§ **EXERCISE DATA**
/---
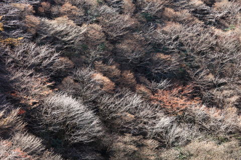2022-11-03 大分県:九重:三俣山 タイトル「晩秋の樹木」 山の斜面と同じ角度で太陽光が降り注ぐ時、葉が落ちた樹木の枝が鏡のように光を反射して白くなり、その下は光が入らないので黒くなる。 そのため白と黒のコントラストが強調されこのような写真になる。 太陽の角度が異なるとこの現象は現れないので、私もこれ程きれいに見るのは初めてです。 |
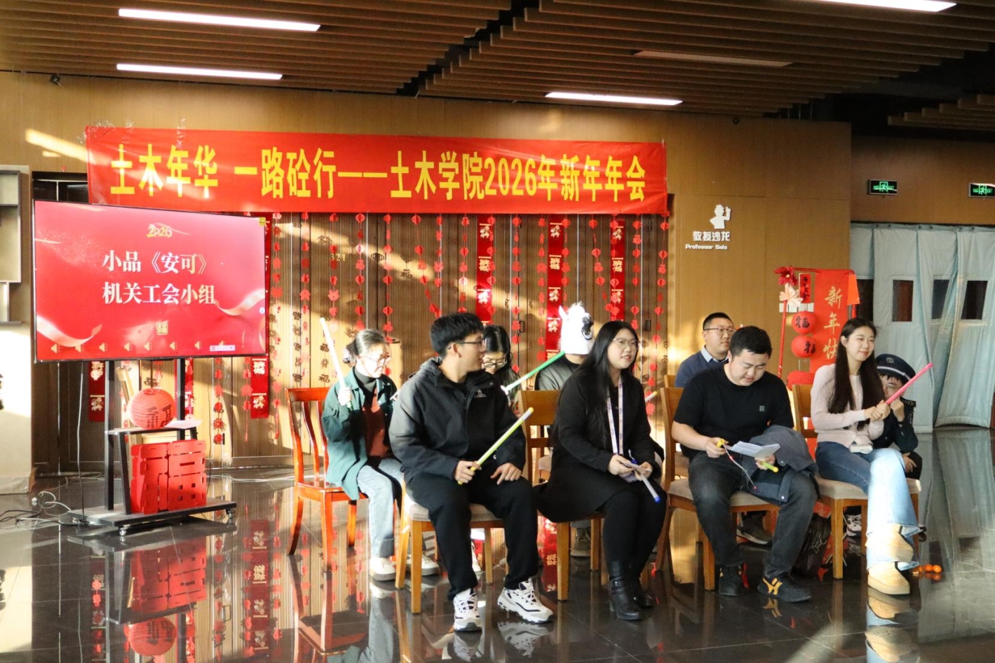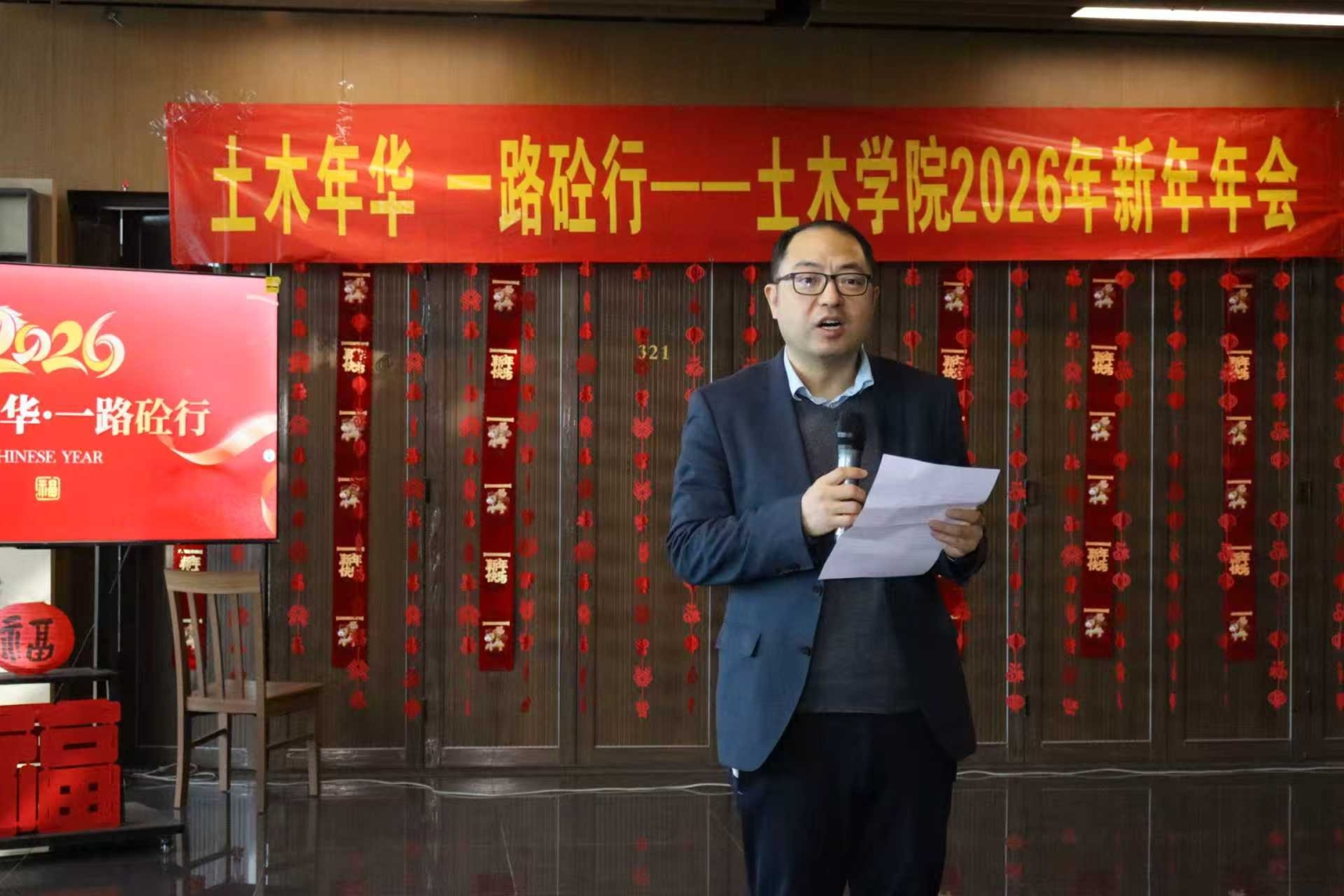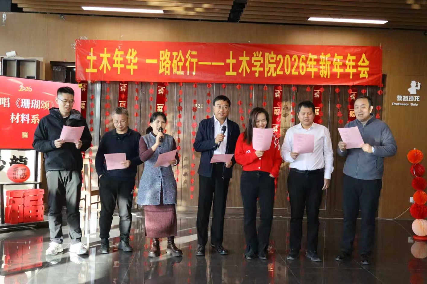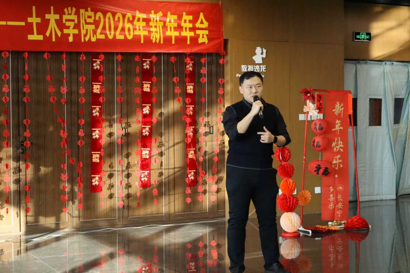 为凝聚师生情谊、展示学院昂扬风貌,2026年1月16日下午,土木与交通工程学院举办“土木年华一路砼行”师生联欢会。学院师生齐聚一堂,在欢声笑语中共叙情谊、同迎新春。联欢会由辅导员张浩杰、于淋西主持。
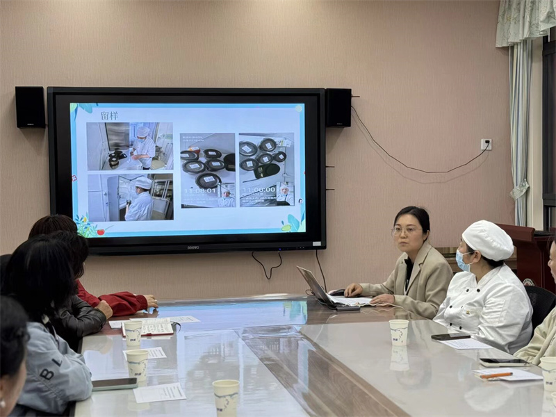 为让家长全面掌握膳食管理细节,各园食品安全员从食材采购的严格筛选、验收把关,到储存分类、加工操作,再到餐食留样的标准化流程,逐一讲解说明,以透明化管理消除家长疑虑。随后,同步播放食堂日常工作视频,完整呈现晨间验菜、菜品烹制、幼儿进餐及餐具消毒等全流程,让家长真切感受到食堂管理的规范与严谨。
\---
§ **TASK DIRECTIONS**
Restate the material above word for word, dropping the pictures.

§ **SOLUTION BELOW**
2022-11-03 大分県:九重:三俣山 タイトル「晩秋の樹木」 山の斜面と同じ角度で太陽光が降り注ぐ時、葉が落ちた樹木の枝が鏡のように光を反射して白くなり、その下は光が入らないので黒くなる。 そのため白と黒のコントラストが強調されこのような写真になる。 太陽の角度が異なるとこの現象は現れないので、私もこれ程きれいに見るのは初めてです。 |
 为凝聚师生情谊、展示学院昂扬风貌,2026年1月16日下午,土木与交通工程学院举办“土木年华一路砼行”师生联欢会。学院师生齐聚一堂,在欢声笑语中共叙情谊、同迎新春。联欢会由辅导员张浩杰、于淋西主持。
 为让家长全面掌握膳食管理细节,各园食品安全员从食材采购的严格筛选、验收把关,到储存分类、加工操作,再到餐食留样的标准化流程,逐一讲解说明,以透明化管理消除家长疑虑。随后,同步播放食堂日常工作视频,完整呈现晨间验菜、菜品烹制、幼儿进餐及餐具消毒等全流程,让家长真切感受到食堂管理的规范与严谨。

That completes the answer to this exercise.